:: SOURCE MATERIAL ::

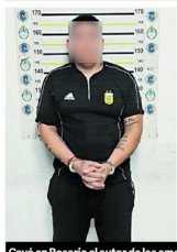
Cayó en Rosario el autor de las amenazas a DI María

El anuncio lo hizo la Cancillería colombiana a través de un comunicado. El Ministerio de Relaciones Exteriores en un momento del gobierno de Colombia, expresó que "repudia las declaraciones hechas por el señor Javier Milei, Presidente de Argentina, en una entrevista al canal CNN en las que se expresaron temas de carácter racista y xenofóbico". El responsable de la Cancillería colombiana, expresó que "repudia las declaraciones hechas por el señor Javier Milei, Presidente de Argentina, en una entrevista al canal CNN en las que se expresaron temas de carácter racista y xenofóbico".
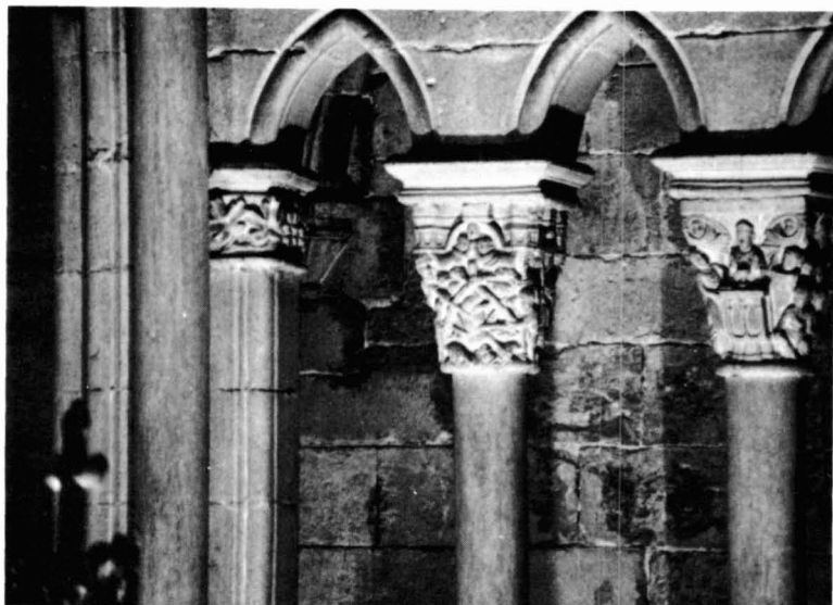
Figura 5. Trifori de Sant Feliu , Girona, Capitells 6 i 7.

Pel que fa doncs a aquest grup de capitells del trifori de la capçalera de Sant Feliu, hem volgut sobretot plantejar la problemàtica que els envolta, tant la referent als aspectes arquitectònics de l'edifici com aquelles qüestions estilístiques que permeten establir una situació aproximada dins el panorama de l'escultura romànica catalana en les seves manifestacions més tardanes i, concretament, dins l'àmbit gironí.
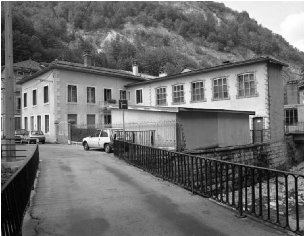
Vue d'ensemble du logement patronal, depuis le pont de la rue du Casino. 39, Morez, 11 rue de l' Industrie
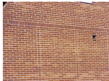
UPPENDICK N. 6 B från O, URNING

fastighet: UPPENDICK NORRA 8, hus A. adress: Hejdegatan 38. ålder: Ombyggt 1872, 1887, 1946. arkitekt / byggm: Tage Billgren (1946). användning: Bostad. antal våningar: 1½ sockel: Gråmålad puts. väggar: Gul puts, gul lockpanel mot gård och i gavelspets. tak: Utsvängt sadeltak, rött 1-kupigt glaserat tegel. (eller plåt?) detaljer: Vita, breda 1-lufts fönster med lösa spröjsar. Vit lamelldörr med spegelmönster och sidoljus. Avtrappad gesims. Indragen entré. Yttertrappa med ljusbrun klinker. Utbyggnad mot söder i ljusgul lockpanel, med pulpettak av grå papp.
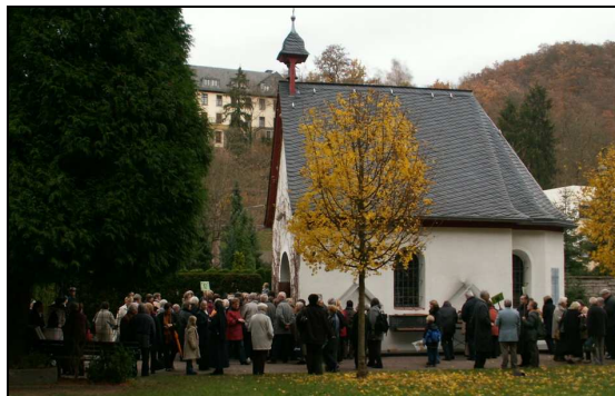
Sanctuaire d'origine à Schönstatt
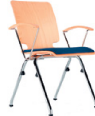
Axo 20 A
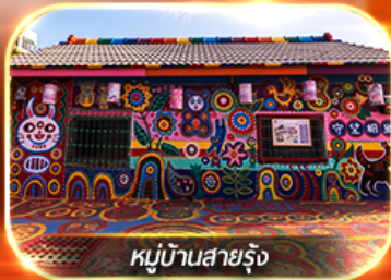
หมู่บ้านสายรุ้ง
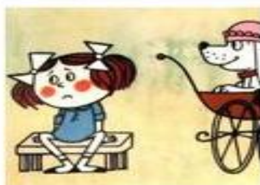
Káťa a Škubánek
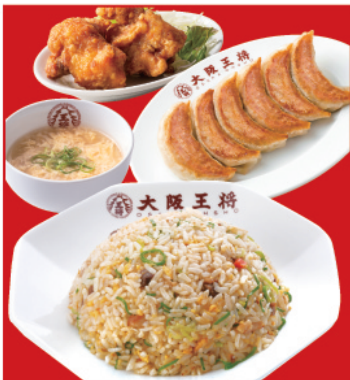
餃子セット(シングル) 1,100円(税込) 餃子1人前・五目炒飯・唐揚げ2個・スープ
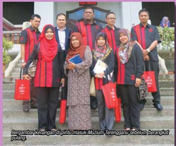
Bergambar kenangan di pintu masuk Muzium Terengganu sebelum berangkat pulang.

Hasilnya, kami mengetahui perbezaan memperagakan pameran dan mempelajari cara membezakan kraftangan yang dihasilkan melalui kaedah tradisional dan moden seperti batik dan tembaga.
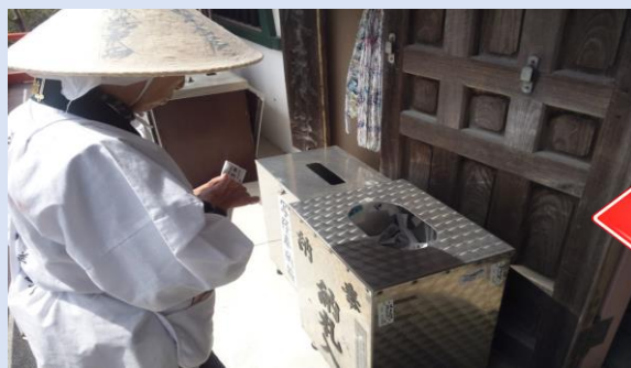
⑦納札を本堂及び大師堂で1枚ずつ納める。 写経を準備された方は写経も納める。
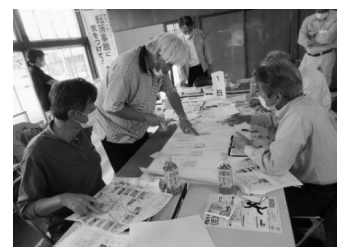
ワークショップの様子(水落地区)
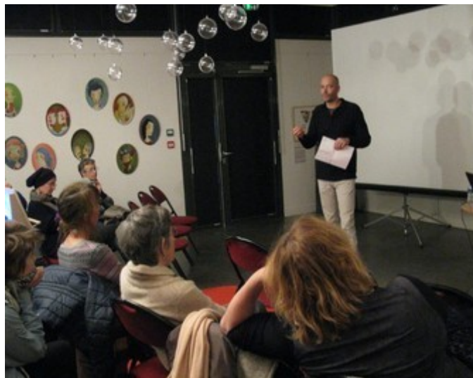
Conférence à la médiathèque Jean Ferrat - Aubenas

- création d'un site internet : travail de construction, le site sera opérationnel au printemps 2017
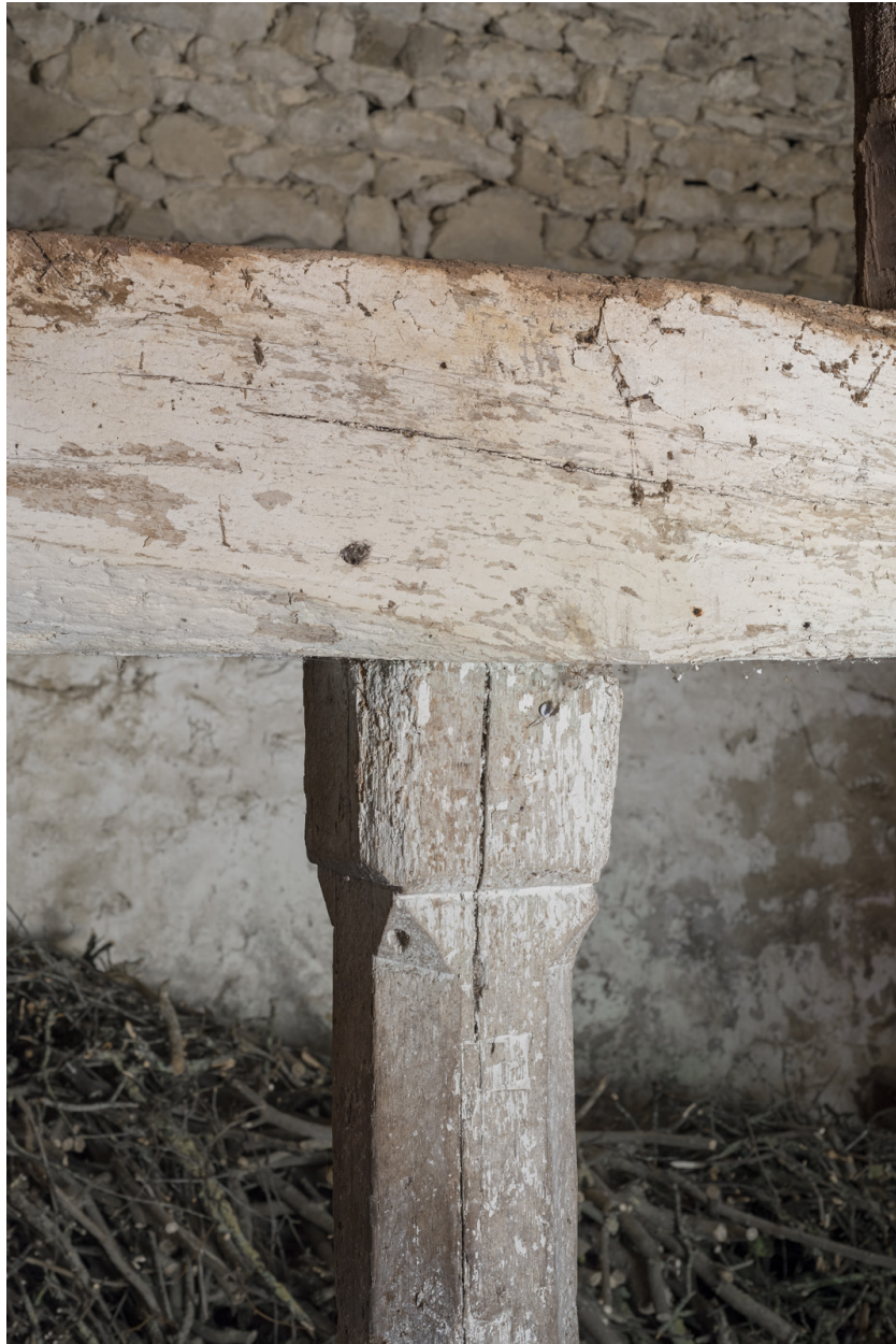
Vue rapprochée d'un assemblage poutre-poteau.
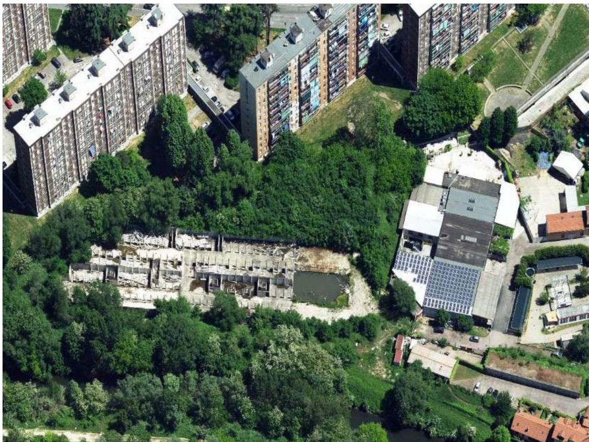
Foto 02 - Vista aerea dell'area urbana in corso di costruzione
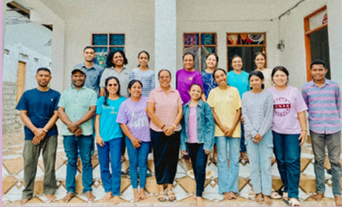
Foto Raker Perkantas Waingapu
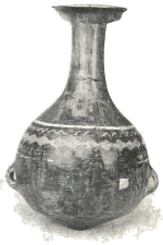
Anfora parecida a las que actualmente se usan para la chicha Colección Agustín de Rada

de "Tiahuanacu" de Antropología y Prehistoria — los más serios elogios, está distribuída en cuatro vitrinas que se exhiben actualmente, junto con el Legado Recondo, en la Sala No. 9 (planta baja).
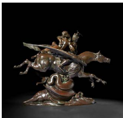
Lot 317 : Antoine-Louis BARYE, Angélique et Roger montés sur l'hippogriffe , circa 1860, bronze à patine brun rouge, adjugé frais inclus 237 400 € / 261 140 $ (estimation : 80 000 – 120 000 €).
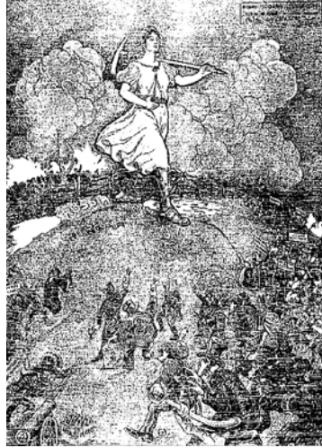
Figura 6 - A revolução social
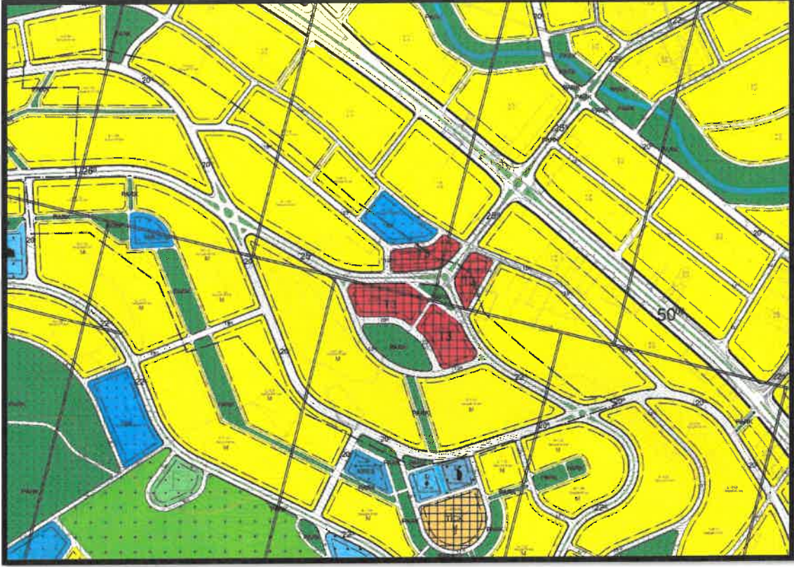
Şekil 2: Planlama Alanı Mevcut 1/1000 Uygulama İmar Planı
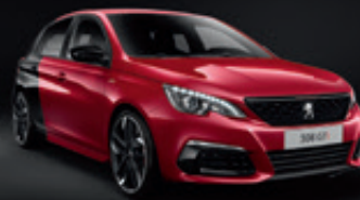
Coupe Franche | D369 & F3M5 | אדום & שחור
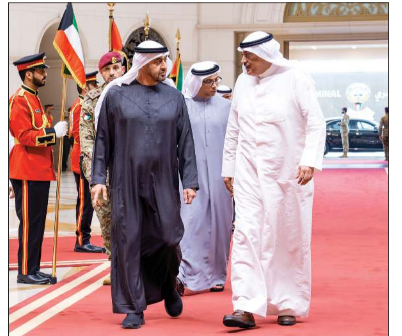
سمو ولي العهد صباح الخالد مودعا صاحب السمو الشيخ محمد بن زايد رئيس دولة الإمارات العربية المتحدة لدى مغادرته البلاد بحضور سمو الشيخ منصور بن زايد نائب رئيس الدولة نائب رئيس مجلس الوزراء رئيس ديوان الرئاسة
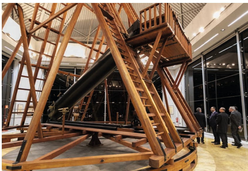
El Ministro José Luis Ábalos frente a la réplica del telescopio de 60 cm de diámetro y 25 pies de distancia focal que William Herschel construyó en 1804 para el Real Observatorio Astronómico de Madrid.

Foucault, y la joya arquitectónica: el edificio de Juan de Villanueva (arquitecto del Museo del Prado). Así, ciencia, historia y arte se interrelacionan en la narración de las visitas guiadas proporcionando una visión amplia y didáctica del Real Observatorio, desde la Ilustración hasta nuestros días. Las visitas guiadas al Real Observatorio están abiertas tanto al público general como a centros educativos. Información y venta de entradas en la web: http://www.ign.es/rom/visitas/index.html
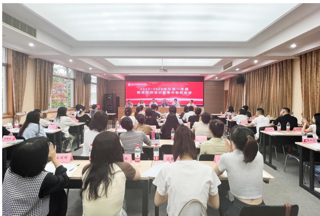
浙江宇翔职业技术学院教师业务培训会

企业领军人才等。积极争取县、市两级财政人才引进专项经费，引进专业紧缺的带头人等高层次人才。进一步推动浙江省教育厅“万人计划教学名师”工程建设，加大对专业带头人、骨干教师的培养扶持力度，切实发挥他们带头和示范作用。完善教师专业技术职务聘任制实施办法，加快改善教师队伍职称结构，要求青年教师学习前沿技术、提高技能等级、鼓励青年教师在职攻读硕士、博士研究生，每年选送一定比例的专业课教师企业顶岗挂职、培训，进一步加快“双师型”教师培养、培训和引进力度。搭建人才共享共育平台，打通人才发展通道，形成一支相对稳定的兼职教师和大师名匠队伍。
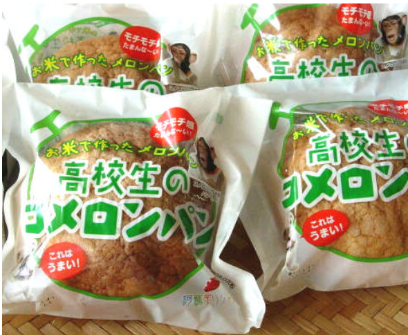
農業クラブ全国大会にて2年連続農林水産大臣賞を受賞!

これらの取組を日本学校農業クラブ全国大会にてプロジェクト発表し、2年連続農林水産大臣賞を受賞しています。
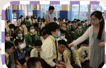
同學對講座的主題很感興趣，踴躍作答。
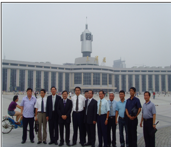
圖 11：天津站外寬大、創意特色廣場
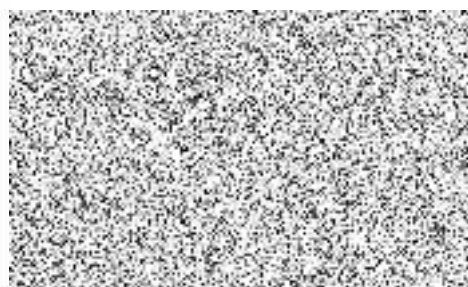
p r o n a j í m a t e l

:::

» WHAT NEEDS TO BE DONE: Both the line containing "Coupe Franche | D369 & F3M5 | אדום & שחור" and the last line of the listing above belong in the copy, along with every line between them; retype them exactly and omit the pictures.

» EXERCISE ANSWER:
Coupe Franche | D369 & F3M5 | אדום & שחור
سمو ولي العهد صباح الخالد مودعا صاحب السمو الشيخ محمد بن زايد رئيس دولة الإمارات العربية المتحدة لدى مغادرته البلاد بحضور سمو الشيخ منصور بن زايد نائب رئيس الدولة نائب رئيس مجلس الوزراء رئيس ديوان الرئاسة
El Ministro José Luis Ábalos frente a la réplica del telescopio de 60 cm de diámetro y 25 pies de distancia focal que William Herschel construyó en 1804 para el Real Observatorio Astronómico de Madrid.

Foucault, y la joya arquitectónica: el edificio de Juan de Villanueva (arquitecto del Museo del Prado). Así, ciencia, historia y arte se interrelacionan en la narración de las visitas guiadas proporcionando una visión amplia y didáctica del Real Observatorio, desde la Ilustración hasta nuestros días. Las visitas guiadas al Real Observatorio están abiertas tanto al público general como a centros educativos. Información y venta de entradas en la web: http://www.ign.es/rom/visitas/index.html
浙江宇翔职业技术学院教师业务培训会

企业领军人才等。积极争取县、市两级财政人才引进专项经费，引进专业紧缺的带头人等高层次人才。进一步推动浙江省教育厅“万人计划教学名师”工程建设，加大对专业带头人、骨干教师的培养扶持力度，切实发挥他们带头和示范作用。完善教师专业技术职务聘任制实施办法，加快改善教师队伍职称结构，要求青年教师学习前沿技术、提高技能等级、鼓励青年教师在职攻读硕士、博士研究生，每年选送一定比例的专业课教师企业顶岗挂职、培训，进一步加快“双师型”教师培养、培训和引进力度。搭建人才共享共育平台，打通人才发展通道，形成一支相对稳定的兼职教师和大师名匠队伍。
農業クラブ全国大会にて2年連続農林水産大臣賞を受賞!

これらの取組を日本学校農業クラブ全国大会にてプロジェクト発表し、2年連続農林水産大臣賞を受賞しています。
同學對講座的主題很感興趣，踴躍作答。
圖 11：天津站外寬大、創意特色廣場
p r o n a j í m a t e l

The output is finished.